Word for word, print each line of the listing below; pictures stay out.
════════
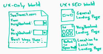 But what has happened is that you've forgotten about UX+SEO world. I'll give you an example here. Let's say I'm trying to make a website all about transportation in the Seattle area. I want to provide people with how to get to and from places, and the best times to go, and are you thinking about traffic, and are you thinking about comparing public versus private transport options, and driving versus Lyft versus Uber versus renting a car, all these different kinds of things. I'm covering the whole world of Seattle transit.
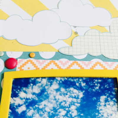 This is the paper I need to get again. I adore it. And there was no way I was going to cut into it so I had to come up with a design and subject that supported all that bright sunshine. I fussy cut out the clouds and just made a small cluster to back the photo. I die cut the polaroid frame out of the foam paper. There is some nice dimension on this layout even though it looks relatively flat.
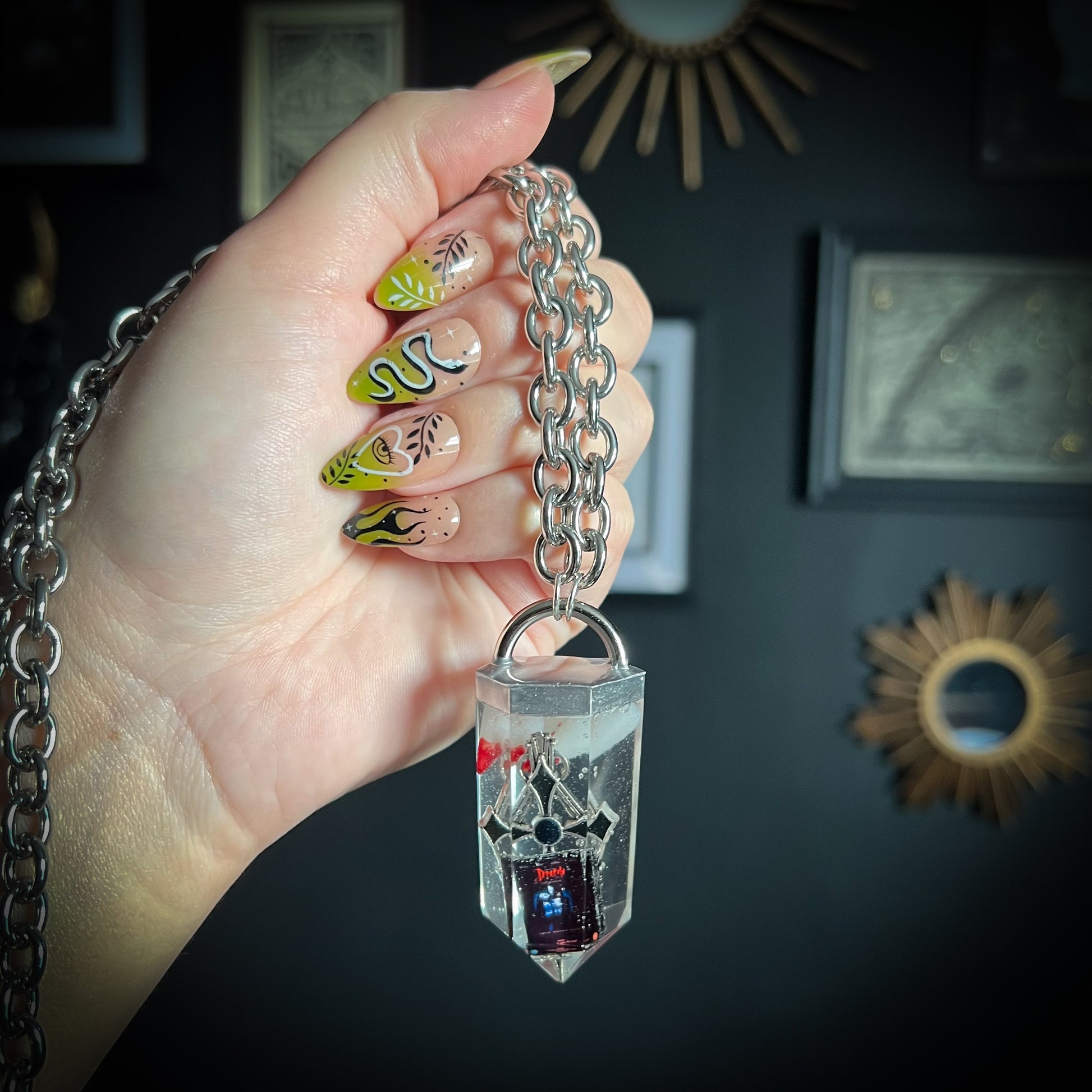 Discover the eerie elegance of our handmade crystal curio necklaces - each one a one-of-a-kind pendant encapsulating gothic charm with moths, butterflies, moss, gemstone shards, clay skulls and other tiny oddities. Darkly whimsical and beautifully macabre, these pieces are perfect for lovers of the strange, mystical and otherworldly.
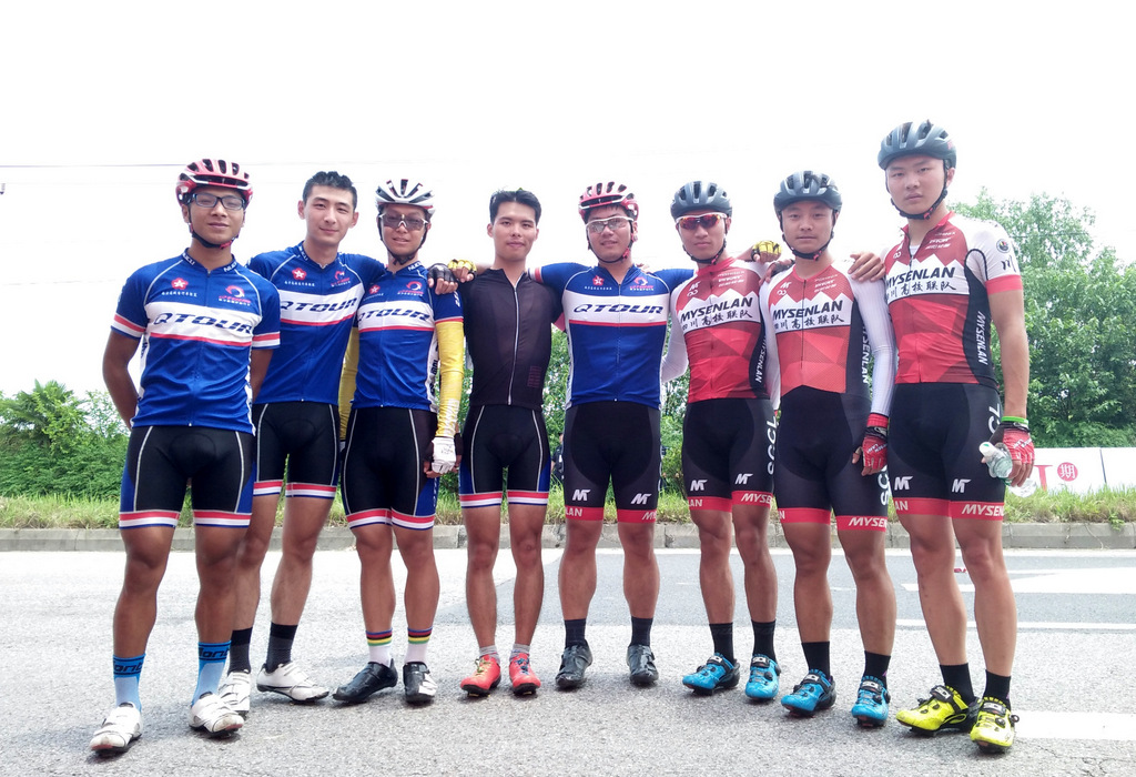 車隊其它成員何家昱、張頠翾穩穩的護送主將葉聰,隨著比賽經驗的積累,QTOUR車隊越來越成熟。張頠翾一直尋找機會突圍,他利用自己的爬坡能力,在一個大橋上坡加速和主集團拉開差距,創造機會。不過主集團速度很快,在終點前1公里張頠翾被追回。最后大集團中的葉聰和何家昱發起最后沖刺,何家昱耗盡自己最后一點體能,把主將葉聰帶到了最佳位置,在高手如林的陣容中,最后葉聰沖刺獲得第八名的好成績。來看看其他對手,崔尹浩,石勇明等,都是業余車壇的頂尖高手。
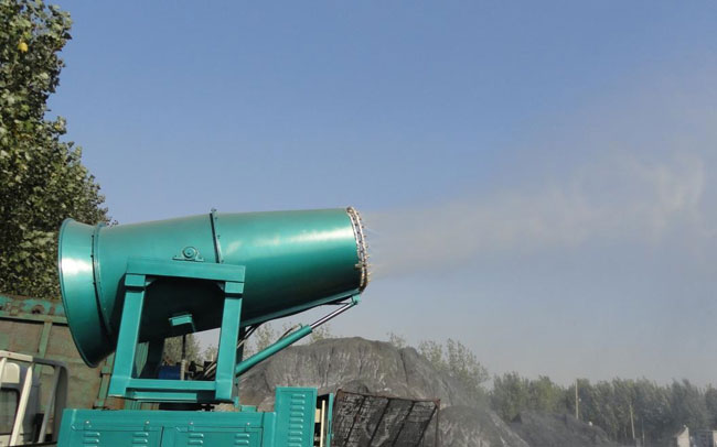 功力強(qiáng)、射程遠(yuǎn)、覆蓋范圍廣、可實(shí)現(xiàn)精量噴霧;工作效率高、噴霧速度快;對(duì)容易引起塵埃的堆場(chǎng)噴水除塵時(shí),噴出的霧粒細(xì)小、與飄起的塵埃接觸時(shí),形成一種潮濕霧狀體,能快速將塵埃抑制降沉。
════════
** WRITTEN RESPONSE **
 But what has happened is that you've forgotten about UX+SEO world. I'll give you an example here. Let's say I'm trying to make a website all about transportation in the Seattle area. I want to provide people with how to get to and from places, and the best times to go, and are you thinking about traffic, and are you thinking about comparing public versus private transport options, and driving versus Lyft versus Uber versus renting a car, all these different kinds of things. I'm covering the whole world of Seattle transit.
 This is the paper I need to get again. I adore it. And there was no way I was going to cut into it so I had to come up with a design and subject that supported all that bright sunshine. I fussy cut out the clouds and just made a small cluster to back the photo. I die cut the polaroid frame out of the foam paper. There is some nice dimension on this layout even though it looks relatively flat.
 Discover the eerie elegance of our handmade crystal curio necklaces - each one a one-of-a-kind pendant encapsulating gothic charm with moths, butterflies, moss, gemstone shards, clay skulls and other tiny oddities. Darkly whimsical and beautifully macabre, these pieces are perfect for lovers of the strange, mystical and otherworldly.
 車隊其它成員何家昱、張頠翾穩穩的護送主將葉聰,隨著比賽經驗的積累,QTOUR車隊越來越成熟。張頠翾一直尋找機會突圍,他利用自己的爬坡能力,在一個大橋上坡加速和主集團拉開差距,創造機會。不過主集團速度很快,在終點前1公里張頠翾被追回。最后大集團中的葉聰和何家昱發起最后沖刺,何家昱耗盡自己最后一點體能,把主將葉聰帶到了最佳位置,在高手如林的陣容中,最后葉聰沖刺獲得第八名的好成績。來看看其他對手,崔尹浩,石勇明等,都是業余車壇的頂尖高手。
 功力強(qiáng)、射程遠(yuǎn)、覆蓋范圍廣、可實(shí)現(xiàn)精量噴霧;工作效率高、噴霧速度快;對(duì)容易引起塵埃的堆場(chǎng)噴水除塵時(shí),噴出的霧粒細(xì)小、與飄起的塵埃接觸時(shí),形成一種潮濕霧狀體,能快速將塵埃抑制降沉。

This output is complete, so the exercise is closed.